YOUR INSTRUCTIONS: The lines below, from the first through the one containing "Tháng 9, với", are to be given again exactly, with pictures left out and nothing added.

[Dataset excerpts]
"""

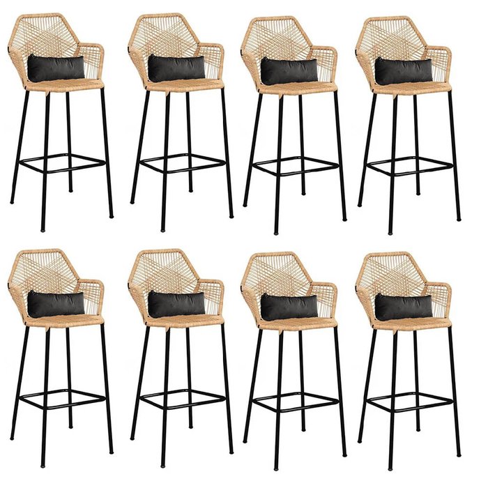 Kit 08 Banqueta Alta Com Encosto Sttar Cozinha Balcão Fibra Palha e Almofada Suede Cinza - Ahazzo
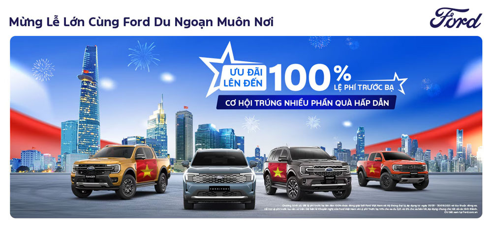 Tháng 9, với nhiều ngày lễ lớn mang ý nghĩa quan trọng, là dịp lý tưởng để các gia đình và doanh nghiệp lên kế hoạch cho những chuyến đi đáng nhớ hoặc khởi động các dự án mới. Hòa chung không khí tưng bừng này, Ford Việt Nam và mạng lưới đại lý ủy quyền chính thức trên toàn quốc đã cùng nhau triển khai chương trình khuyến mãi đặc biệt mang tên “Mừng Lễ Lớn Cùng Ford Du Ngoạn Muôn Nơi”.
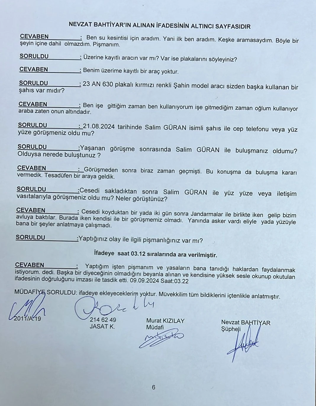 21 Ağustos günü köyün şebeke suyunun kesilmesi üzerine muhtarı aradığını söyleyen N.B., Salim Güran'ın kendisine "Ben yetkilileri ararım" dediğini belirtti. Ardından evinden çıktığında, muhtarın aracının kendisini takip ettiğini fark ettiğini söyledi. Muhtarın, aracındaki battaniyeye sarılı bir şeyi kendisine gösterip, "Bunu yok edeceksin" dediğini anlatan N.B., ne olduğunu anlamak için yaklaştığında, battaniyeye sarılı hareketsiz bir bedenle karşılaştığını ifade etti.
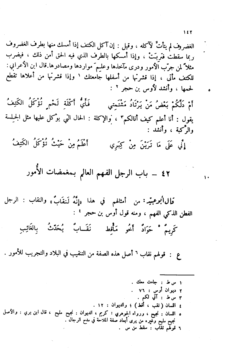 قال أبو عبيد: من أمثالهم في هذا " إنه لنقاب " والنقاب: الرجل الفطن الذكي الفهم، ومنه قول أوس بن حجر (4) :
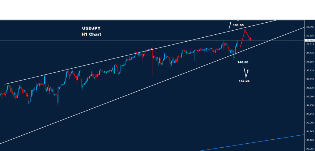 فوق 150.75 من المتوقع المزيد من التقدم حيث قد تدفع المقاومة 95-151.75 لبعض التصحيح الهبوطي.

"""

EXERCISE SOLUTION:
 Kit 08 Banqueta Alta Com Encosto Sttar Cozinha Balcão Fibra Palha e Almofada Suede Cinza - Ahazzo
 Tháng 9, với nhiều ngày lễ lớn mang ý nghĩa quan trọng, là dịp lý tưởng để các gia đình và doanh nghiệp lên kế hoạch cho những chuyến đi đáng nhớ hoặc khởi động các dự án mới. Hòa chung không khí tưng bừng này, Ford Việt Nam và mạng lưới đại lý ủy quyền chính thức trên toàn quốc đã cùng nhau triển khai chương trình khuyến mãi đặc biệt mang tên “Mừng Lễ Lớn Cùng Ford Du Ngoạn Muôn Nơi”.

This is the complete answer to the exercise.